Segment Start: Dataset excerpts
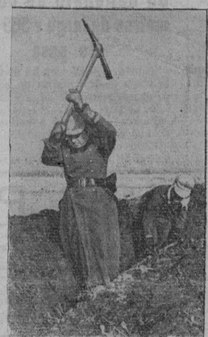
Detrás de la primera línea de combate son construidas posiciones, cavando estos soldados alemanes emérgicamente en el suelo que se halla helado.
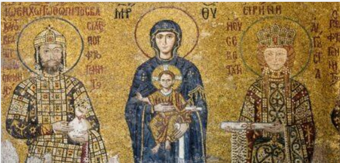
Η Υπεραγία Θεοτόκος με τον αυτοκράτορα Ιωάννη Β' Κομνηνό και την αυτοκράτειρα Ειρήνη.

Η 29η Μαΐου του 1453 μπουρίνι ήταν και πέρασε!
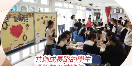
共創成長路的學生擺設的押花攤位
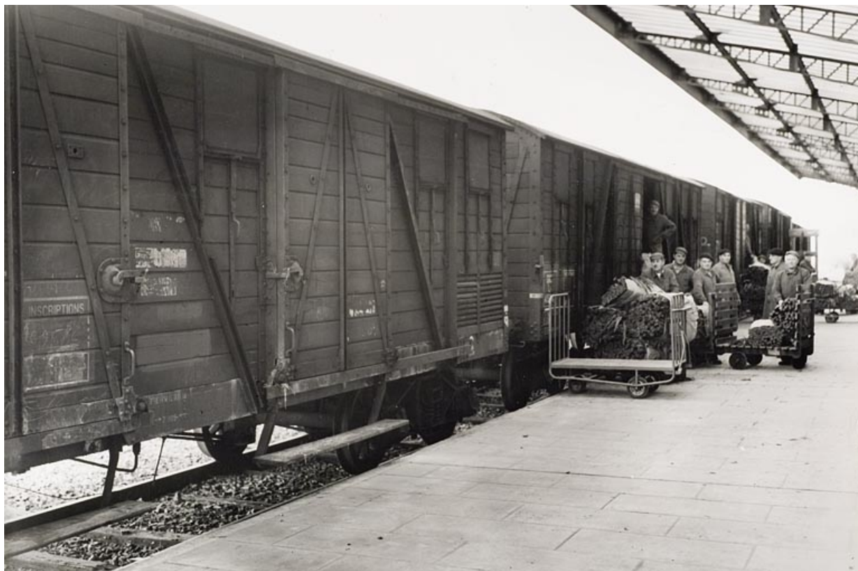
Quai de l'embranchement ferroviaire. Déchargement d'une rame de wagons d'une récolte provenant d'un centre d'achat extérieur. 70, Vesoul, 53 rue Jean Jaurès
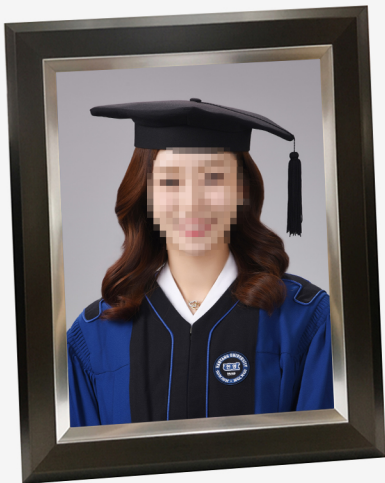
11R 학사복 나무액자(11 X 14 inch)
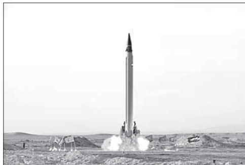
Испытания новой иранской ракеты

Обама прокомментировал операцию по ликвидации Бин-Ладена. Президент США Барак Обама выступал за проведение сек-
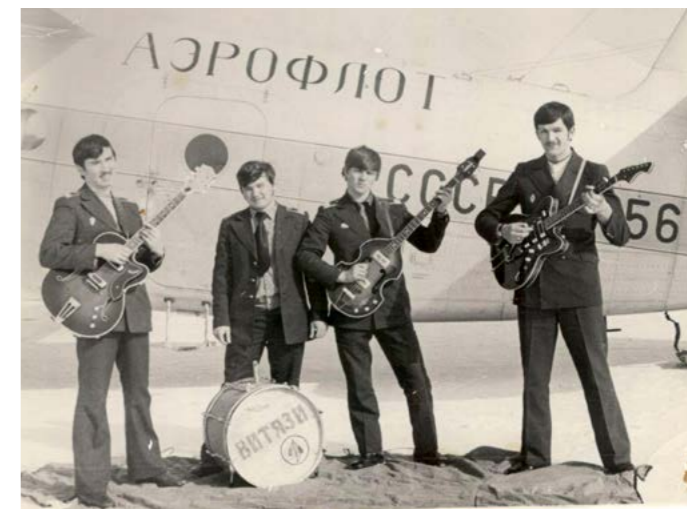
В 1975 году самодеятельная группа «Витязи», куда входили тазовские авиаторы, в честь 30-летия Победы совершила агитполёт по Тюменской области
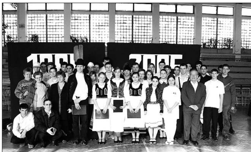
A szereplőgárda és felkészítőik a 120 éves évfordulón
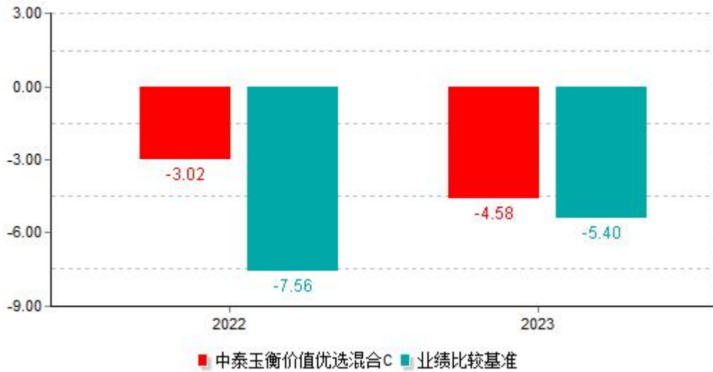
基金的过往业绩不代表未来表现，数据截止日：2023年12月31日 单位%

注：本基金自2022年7月1日起增设C类基金份额，增设C类基金份额当年不满完整自然年度，按实际期限（2022年7月1日-2022年12月31日）计算净值增长率。
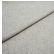
Wooly 2256 Ivory melange 1039005
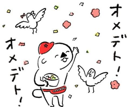
中川図書館マスコットキャラクター「あらっこ」
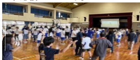
新入生歓迎会でのダンスタイム！

高等部では、校外での就業体験や校外学習、修学旅行などがあります。体調管理をしっかりと行い、ベストな状態で様々な体験をできるといいですね。高等部での日々が、実り多いものになりますように、応援しています。
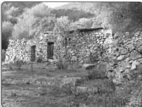
Les ruines d'U Piazzile di u Tuvarelli, au centre d'une recherche ethnographique et archéologique menée de main de maître
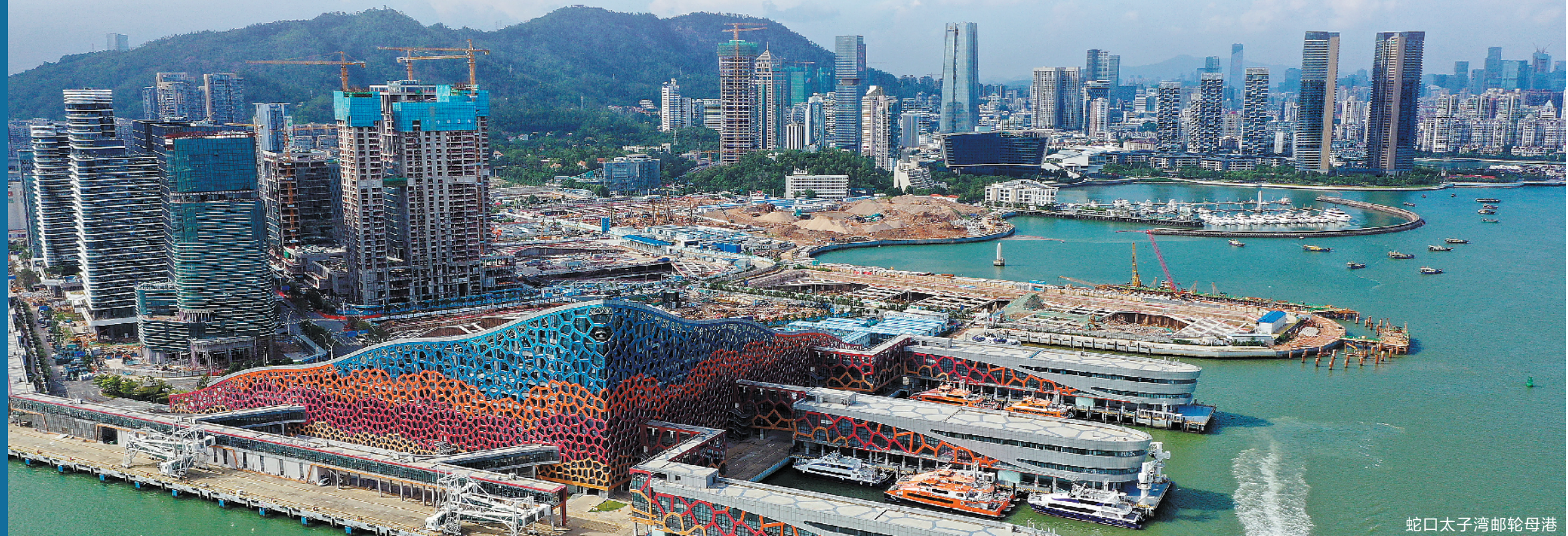
蛇口太子湾邮轮母港

炸山过后，要把装满土石方的翻斗车拉到不到一公里外的岸边卸下来，当时的施工队沿袭的是“大锅饭”方式，工人们干多干少，都是一样的工分，工程
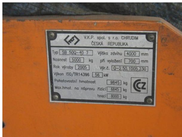
Foto 38 Výrobní štítek VZV boční SB 50Q-407
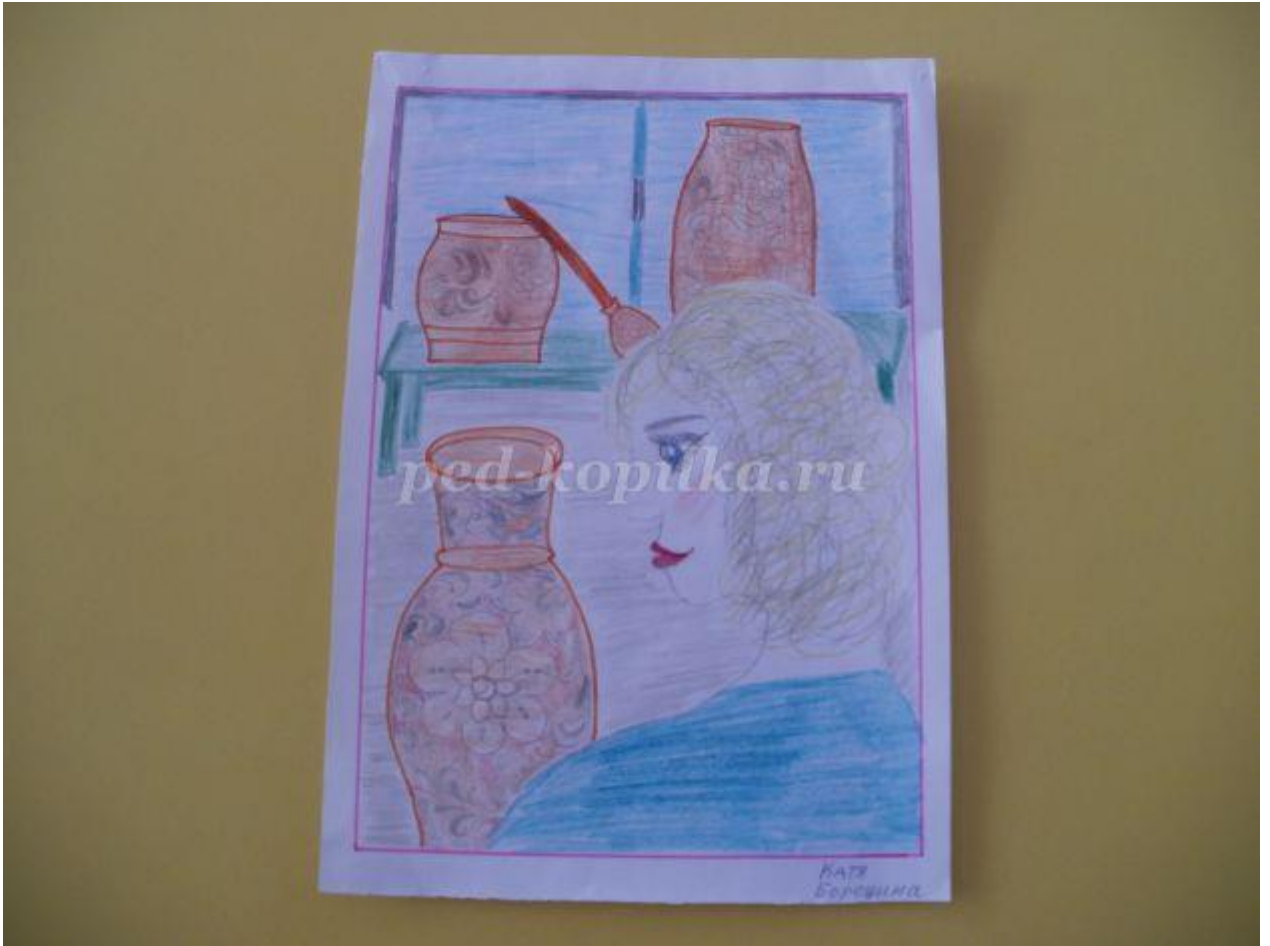
ООД по лепке "Поможем испечь кондитеру пирожные"
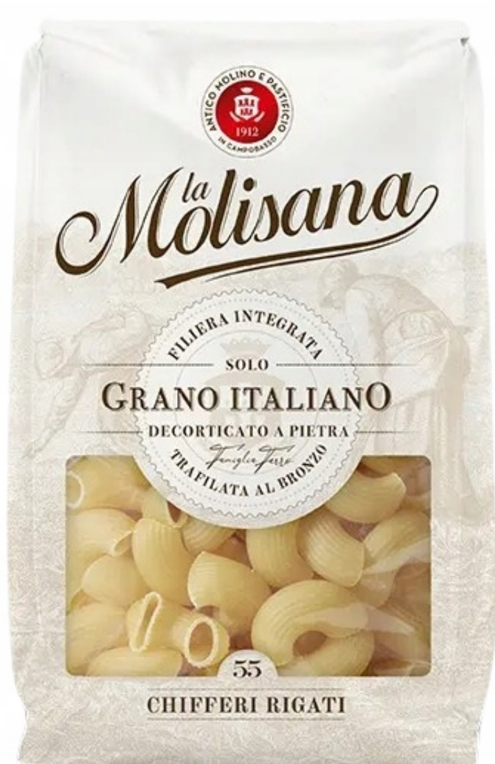
Chifferi Rigati No55 Makaron kolanka karbowane
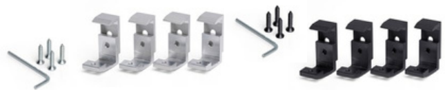
ZACISK ZEWNĘTRZNY - ZESTAW 4 SZT.
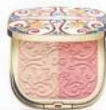
ソーラーグロウ イルミネーティングパウダー デュオ
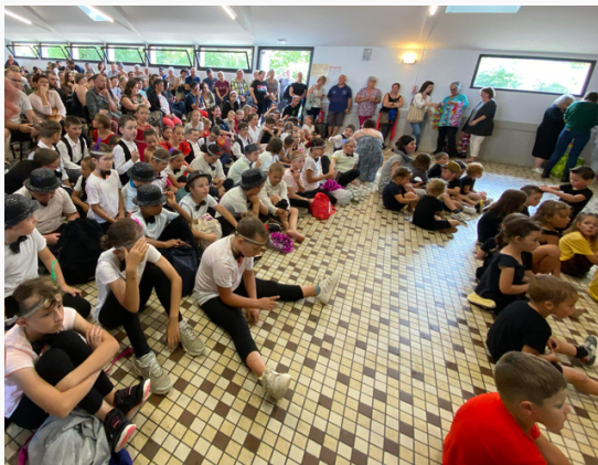
La fête des écoles le 1er Juillet
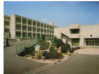
開校間もない校舎
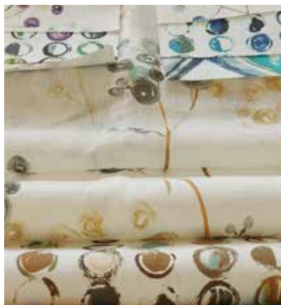
TEJIDO LEVANZO UX 1811 (apto para tapicería) Algodón 56% - Pes 44% Ancho CM 320 Ciclos 30.000 Tratamiento Water-Clean Más información >>
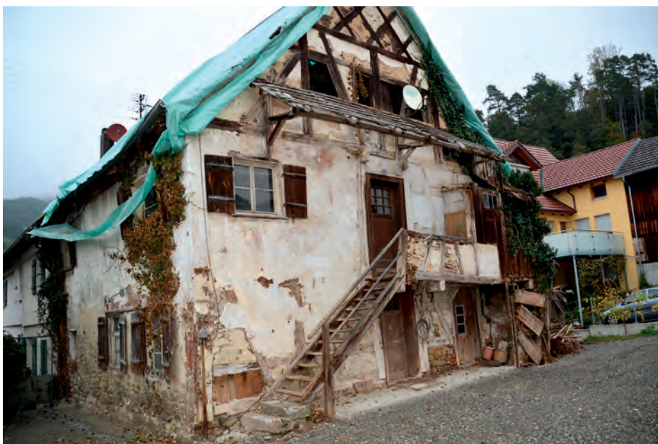
Erschreckend: der Zustand des einsturzfährdeten Hauses 2014 mit notgesichertem Dach.
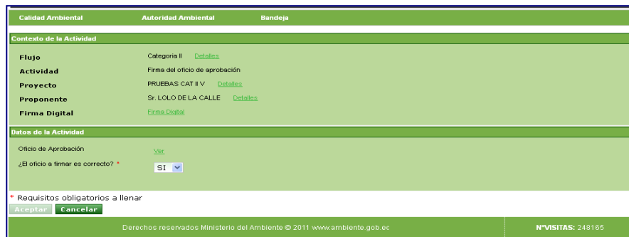
Figura 1. Proyecto que se firmará digitalmente

Una vez listados los proyectos dentro de la bandeja de tareas, debe seleccionar el proyecto a firmar (Ver figura: 1).
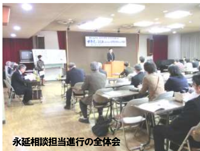
永延相談担当進行の全体会
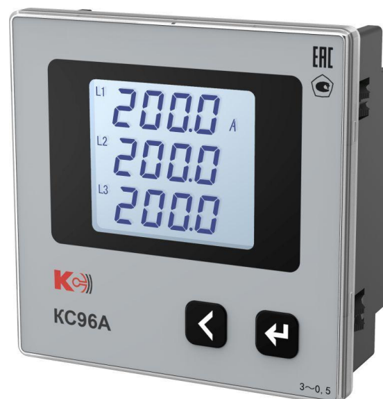
Рисунок 5 – Общий вид приборов KC96A (трехфазная модификация)

Заявитель ООО «К-С», Генеральный директор Испытатель ФГБУ «ВНИИМС», Зам.начальника отдела 201/3
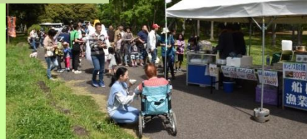
縄文春祭りでの貝料理提供
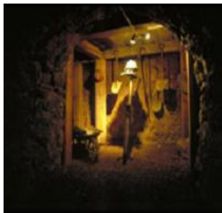
Aganguero se ubica a 33 K de Zitácuaro y en purépecha significa "Dentro del Bosque" o "Entrada a la cueva".

Pero el descubrimiento de la mariposa monarca en los bosques de la región, dio a Aganguero un segundo respiro. Se empezaron a formar cooperativas de servicios, rutas turísticas y actividades recreativas con el fin de atraer visitantes y reactivar la economía local. A la fecha el pintoresco pueblo vive, entre otras actividades, del turismo que llega a visitar a las mariposas.
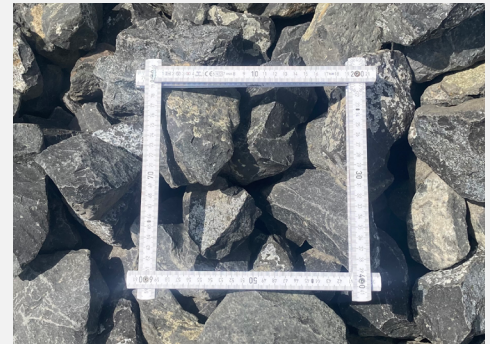
Basaltwerk Suhl - Nüsttal/Haselstein
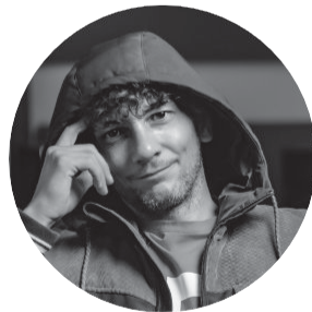
Adrien Pélissié Réalisateur Monteur Effets spéciaux
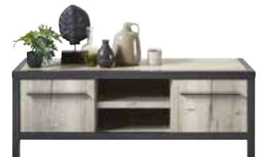
TV-meubel 2 deuren, 2 vakken H47xB130xD50cm 10317017 Maat open vak: ± H13xB40xD47cm Open vak voorzien van ronde opening voor kabeldoorvoer
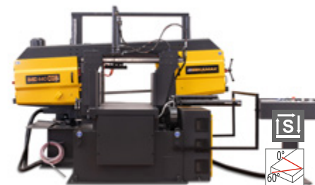
BMSO 440 CGS NC
Segment End: Dataset excerpts
What to do: Although the records above contain pictures, the copy should not; retype exactly the lines from the one containing "Зам.начальника отдела 201/3" through the one containing "Aganguero se ubica".

Reply to the exercise:
Заявитель ООО «К-С», Генеральный директор Испытатель ФГБУ «ВНИИМС», Зам.начальника отдела 201/3
縄文春祭りでの貝料理提供
Aganguero se ubica a 33 K de Zitácuaro y en purépecha significa "Dentro del Bosque" o "Entrada a la cueva".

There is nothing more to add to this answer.